> Problem description
Exactly and only the lines below from the one containing "The Tetrad Harris" down to the one containing "小さなコサージュは、全てがサテン生地リボンに付いてる状態となっております" are wanted, both included; please exclude every picture.

> Records from a data collection
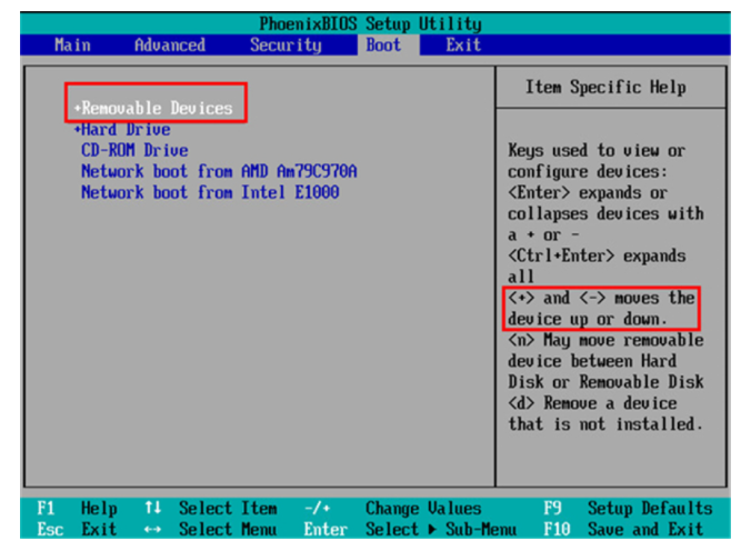 3、查看說明,按+鍵實現向上移動,我們需要將“removable device”移到最上面,這樣才能實現從U盤啟動,如圖所示:
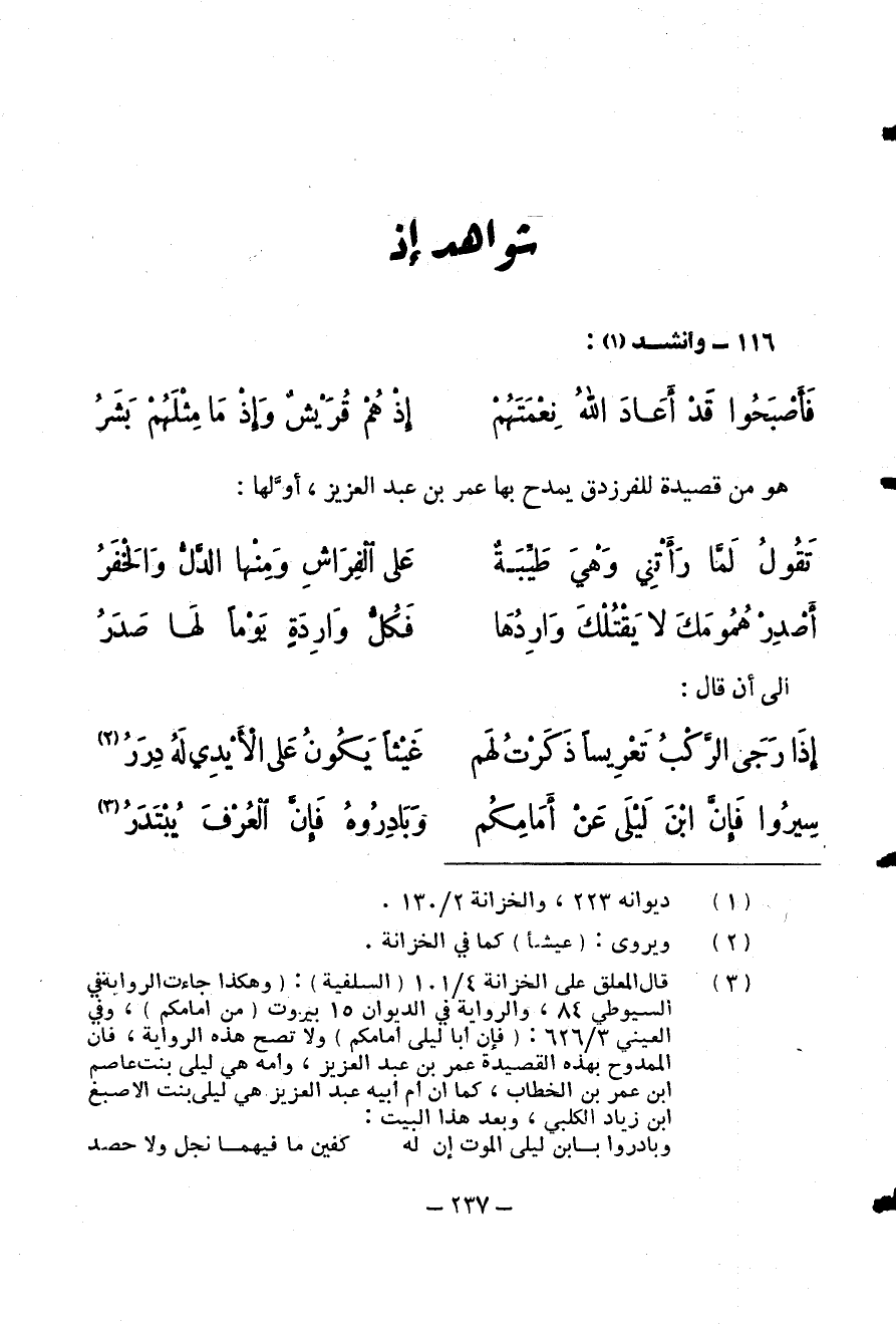 (¬3) قال المعلق على الخزانة 4/ 101 (السلفية): (وهكذا جاءت الرواية في السيوطي 84، والرواية في الديوان 15 بيروت (من امامكم)، وفي العيني 3/ 626: (فإن أبا ليلى أمامكم) ولا تصح هذه الرواية، فان الممدوح بهذه القصيدة عمر بن عبد العزيز، وأمه هي ليلى بنت عاصم ابن عمر بن الخطاب، كما ان أم أبيه عبد العزيز هي ليلى بنت الاصبغ ابن زياد الكلبي، وبعد هذا البيت:
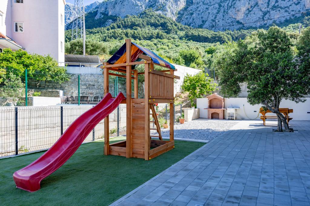 Gli appartamenti Villa Frane si trovano a Makarska, in un quartiere tranquillo e ben curato, situato su una dolce collina sopra la città. Si trovano a soli 10 minuti a piedi dal pittoresco centro città, il che rende la posizione perfettamente bilanciata: abbastanza tranquilla per rilassarsi, ma vicina a tutti i servizi che Makarska ha da offrire. Benvenuti nei moderni appartamenti con due camere da letto completamente attrezzati, ideali per famiglie, coppie o amici che desiderano una sistemazione confortevole in una delle destinazioni più belle dell'Adriatico. La struttura si trova a circa 1,5 km sopra il centro, offrendo agli ospiti tranquillità, privacy e una splendida vista sui dintorni. La casa dispone di un totale di 6 appartamenti, ognuno con due camere da letto, balcone privato e aria condizionata. Gli ospiti hanno inoltre accesso a servizi aggiuntivi che rendono il loro soggiorno ancora più piacevole: ascensore nell'edificio, parcheggio esterno per ogni appartamento, parco giochi per bambini - ideale per i più piccoli, barbecue in comune per socializzare e godersi l'aria aperta. La scelta perfetta per la vostra vacanza a Makarska.
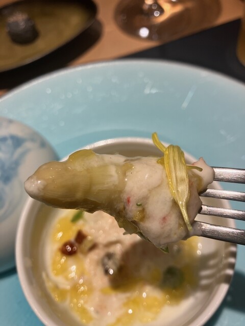 大好きなホワイトアスパラと毛蟹を合わせた一皿、帆立をソテーしてじゃがいものエスプーマにトリュフをかけた一皿。などなど。本当に虜になってます!
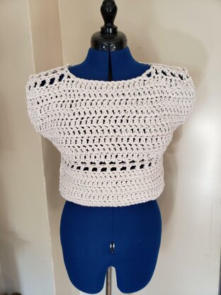 This top is worked bottom up in straight rows that are then folded in half and seamed.
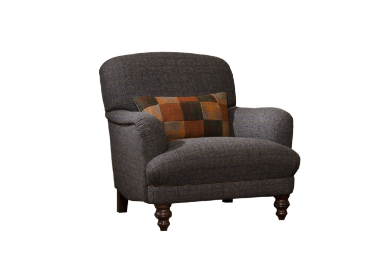 The Tetrad Harris Tweed Braemar Chair is a beautifully designed piece, with elegant curves and detailed legs.
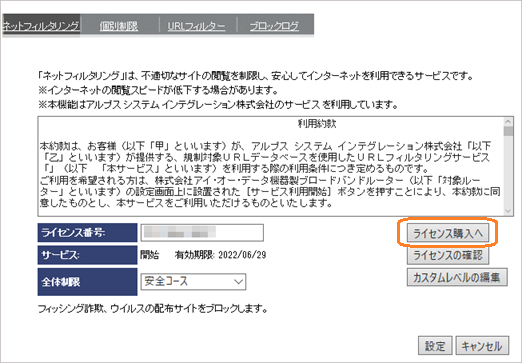 【IODATA】ネットフィルタリングの「ライセンス購入へ」が表示されない
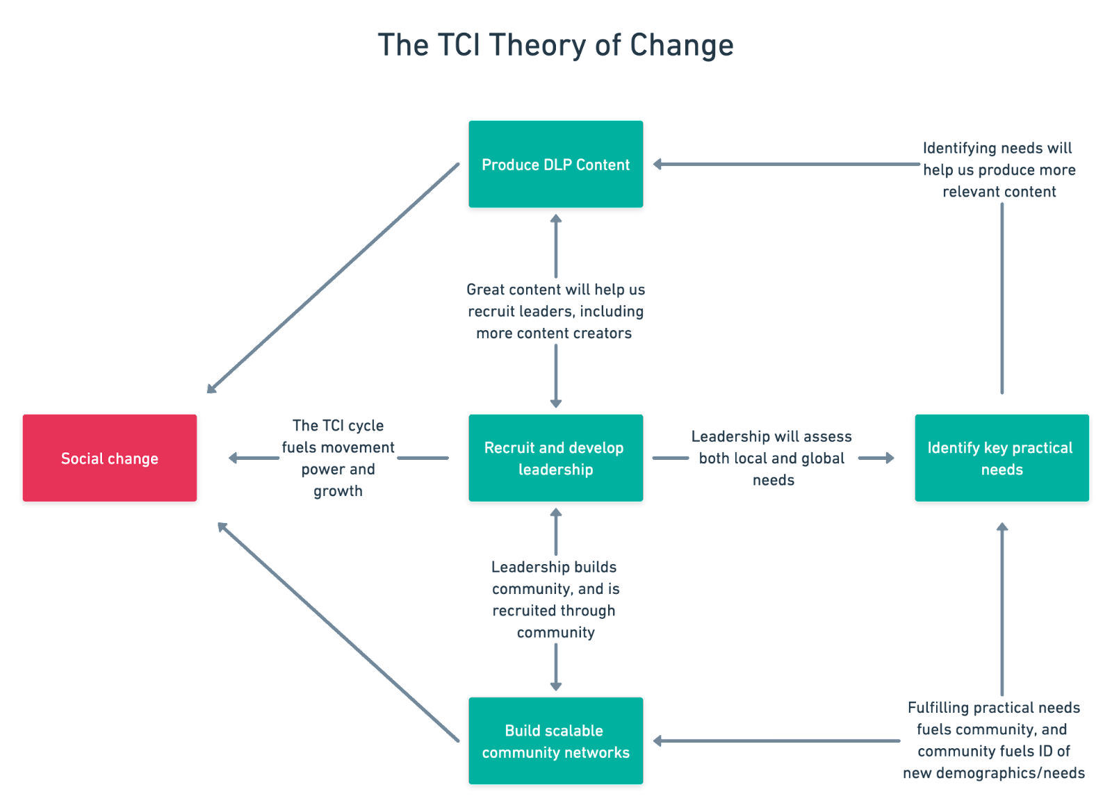 That leads me to the second strategy: developing leaders. I’ve written about the unseen pandemic – the loneliness that is literally killing people, and fueling historic levels of distrust. One of the primary causes of this is that we no longer believe in traditional models of influence; the “hub and spoke” is becoming as outdated as traditional religion. But we haven’t created alternative models of influence that function, even at small scale. I’ve come to the conclusion that the lack of effective leadership, including, perhaps most importantly, the ability of leaders to work together at scale (i.e., in large numbers, with diverse viewpoints) and manage disagreements, is one of the fundamental obstacles to creating social change. The web model of influence depends on leadership of this sort.
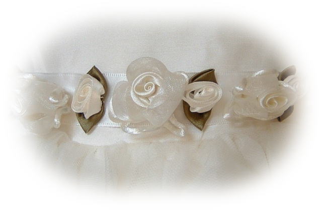 小さなコサージュは、全てがサテン生地リボンに付いてる状態となっております
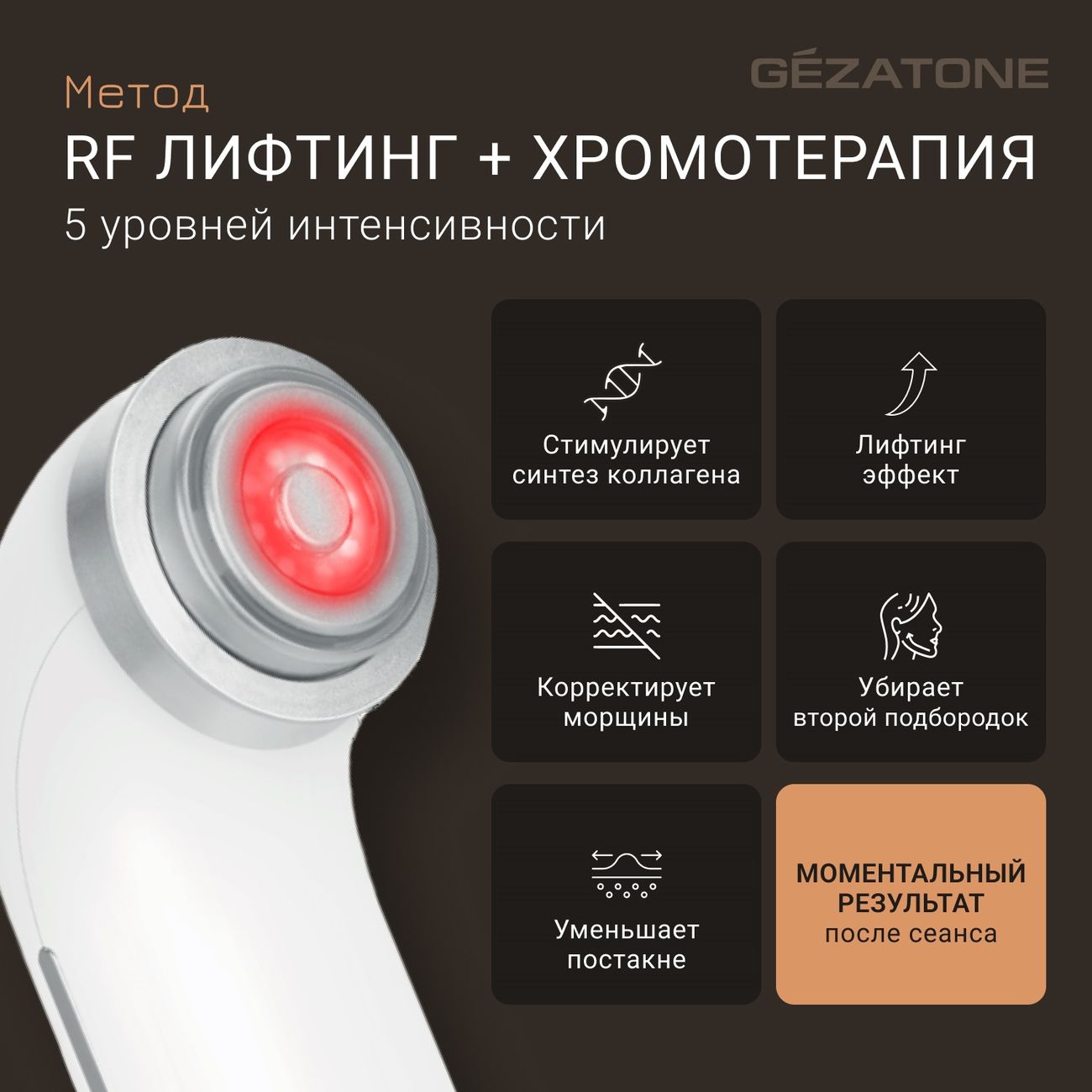 Аппарат Gezatone m1611 предназначен для омоложения и очищения кожи лица и тела. Он помогает повысить тонус эпидермиса, увлажнить его, сократить глубину и количество морщин, очистить поры. Эта модель работает в пяти режимах, позволяет выполнять восемь методик: rf-лифтинг, хромотерапию, вибромассаж, миостимуляцию, микротоковую терапию, дезинкрустацию, ионоферез.
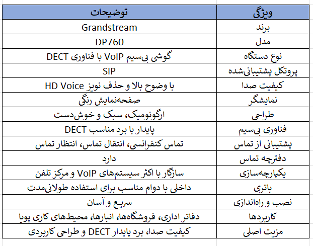 Grandstream DP760 یک تکرارکننده DECT حرفهای با برد بالا، پشتیبانی از PoE، کیفیت صدای Full HD و امنیت بالا است که برای گسترش پوشش تماس بیسیم در محیطهای بزرگ و چندطبقه طراحی شده است.

> Result for this task
 The Tetrad Harris Tweed Braemar Chair is a beautifully designed piece, with elegant curves and detailed legs.
 【IODATA】ネットフィルタリングの「ライセンス購入へ」が表示されない
 That leads me to the second strategy: developing leaders. I’ve written about the unseen pandemic – the loneliness that is literally killing people, and fueling historic levels of distrust. One of the primary causes of this is that we no longer believe in traditional models of influence; the “hub and spoke” is becoming as outdated as traditional religion. But we haven’t created alternative models of influence that function, even at small scale. I’ve come to the conclusion that the lack of effective leadership, including, perhaps most importantly, the ability of leaders to work together at scale (i.e., in large numbers, with diverse viewpoints) and manage disagreements, is one of the fundamental obstacles to creating social change. The web model of influence depends on leadership of this sort.
 小さなコサージュは、全てがサテン生地リボンに付いてる状態となっております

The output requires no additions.